Posted to stackoverflow as well but they aren't any help with monolithic questions no matter how desperate the user is. Here is what I posted as it is all the relevant information and to save time re-writing everything.
Sorry for more vague question but I an under a huge time crunch (about a week) to fully understand and design a Bamboo build system that uses Docker based remote agents so please don't down vote this as I really need help with this and turning to the Stackoverflow community for their vast wealth of knowledge.
We're currently using Bamboo Server 6.6 (hope to be upgraded soon to some new version) with about 30 configured standard/dedicated remote agents (Linux in our case). I've created a Docker container that has our CentOS 7 based build and test environment and currently using this in script tasks via docker run command. I've now been tasked to have a Bamboo based solution where everything (including the remote agent) is running in a container. I want to say that I am not a Docker expect, I am not in IT, I don't have access to the server and I'm not familiar with Docker Swarms, Kubernetes or AWS Clusters but have been tasked with designing a build environment. We do have RH OpenShift installed but have been told (by RH) that this is not suitable for our needs using it directly (and we want to continue with Bamboo as we are also using Bitbucket and Jira Atlassian products). Thinking OpenShift could be used in some fashion as a Kubernetes cluster but not sure or how this would be implemented/configured.

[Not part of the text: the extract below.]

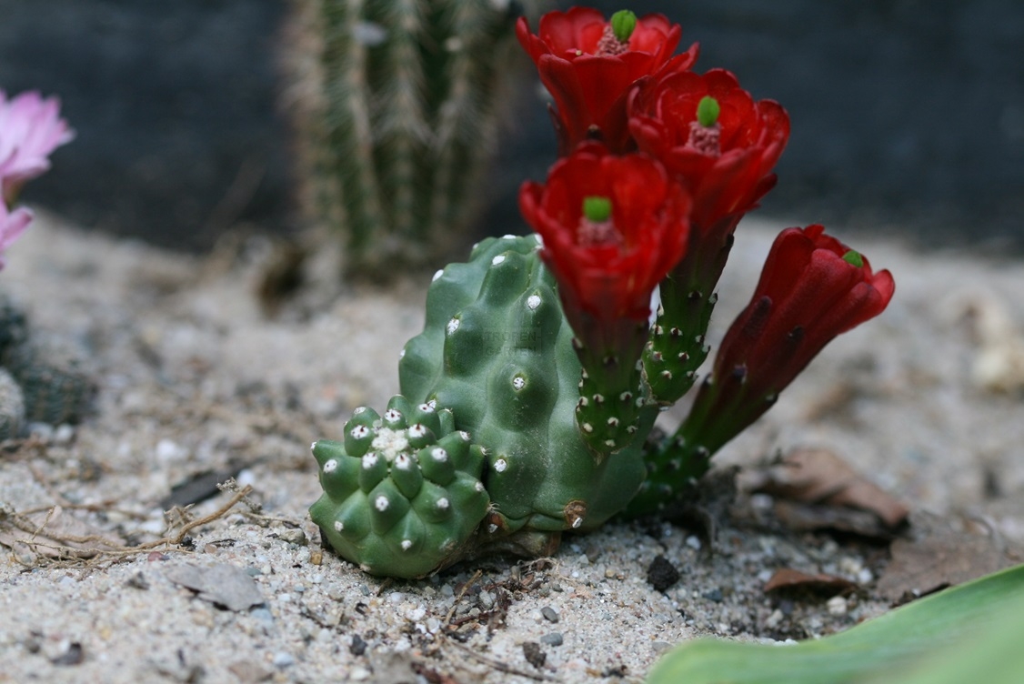 Echinocereus triglochidiatus gehört zu den robusten Kakteen, die mit Nässeschutz sich zum Anbau im Freiland eignen. Ein sonniger, möglichst trockener Standort im Sukkulentenbeet ist ideal. Die Art blüht zuverlässig mit attraktiven Farben und bildet keimfähige Früchte im Freiland.

Our environment... We are stretching the boundaries of Docker but are required for our needs. We are doing cpp compiles for several projects using make and bitbake with a custom compilers and packages. We are running several static code analysis tools as well as python based verification and regression tests. We produce a code base that is used by other teams so there is no real end product that gets built but we do create a QEMU KVM image that we run in the container for testing purposes. Doing so does require us to use the --privileged option when running the container.

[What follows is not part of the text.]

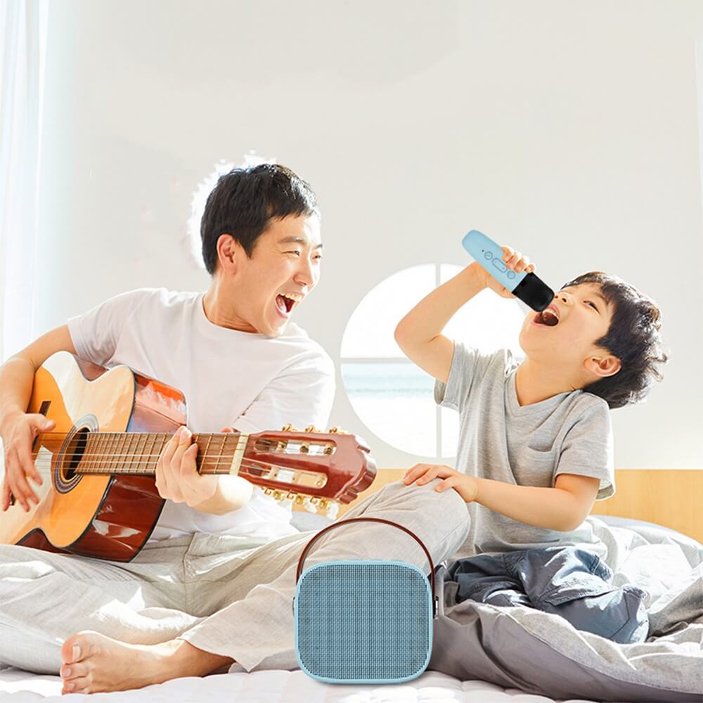 Belaidė garso kolonė su bluetooth ir USB. Mikrofonas skirtas dainuoti karaoke pagal pasirinktas dainas. Dainas galima leisti iš išmanaus telefono bluetooth ryšiu arba iš USB laikmenos. Mikrofonas taip pat leidžia reguliuoti muzikos, dainavimo garsą, aidą, bosus. Mikrofono galvutė turi tris triukšmo mažinimo procesus, efektyviau paryškinkite savo gražų balsą. Visos idealios dainos, balso programos gali būti naudojamos, kaip „Bluetooth” garsiakalbiai.

Our IT department has no knowledge of this so I will be working to present a model they can look to implement. I do not believe that AWS elastic remote agents are an option we they don't seem agreeable to moving to the cloud and if we do it appears our choice would be Azure. I'm in the initial investigation so my knowledge is limited as to the various available methods and options but want to go ahead and reach out earlier than later with my question because of the limited time. I've found little so far in regards to working models and how everything interacts (i.e. currently we use git to clone our source to the host remote agent along with various other files from things like Artifactory and build/test in the container via a shared directory. How does this work in a cluster? In the containerized remote agent, do I start with my current CentOS 7 based docker container or do I create a new one based on a Bamboo remote agent container? What do I do about OS requirements in that case. Will this even work with the --privileged requirements (read somewhere that Docker Runner cannot pass commands like this)? Shouldn't matter but this solution will probably be rolled out to replace Windows remote agents with Windows based containerized agents used by other groups.
I can really use the communities help with how all this works so please share any knowledge, websites, info, etc. that you may have. Even open to a more direct conversation with someone that has this implemented if you are willing.
Feeling the pressure, Jason
I can partly answer your question, but will leave it for others to answer the rest.
I've now been tasked to have a Bamboo based solution where everything (including the remote agent) is running in a container.
This is very much possible with Docker runner. All you need to do is to enable Docker Runner by navigating to the respective job and head to Docker taband choose Docker container and provide the Docker image. This is also detailed in this page - Docker runner.
We produce a code base that is used by other teams so there is no real end product that gets built but we do create a QEMU KVM image that we run in the container for testing purposes. Doing so does require us to use the --privileged option when running the container.
If your build involves running a QEMU KVM image, I think it is best to run your KVM images on a dedicated remote agent as you are doing currently. Running a virtualised environment within a container might not work well or you may have challenges in setting it up.
However, if you prefer to still try Docker runner, pease note that until Bamboo 6.7.0, Docker is expected to run as a root user. With the recent versions, we can now tell the docker image which user to use, with a USER clause in the Dockerfile. However, there is an existing bug BAM-19827 that prevents users from using a different user. I just thought of making you aware of the current limitation with this approach.
You may also explore this open source Plugin - Per build container (owned by our Build engineering team) to run the bamboo agents in kubernetes cluster. This is typically helpful when you want to spin up docker based agents on demand. Each agent will build the single job it was triggered for and gets removed afterwards.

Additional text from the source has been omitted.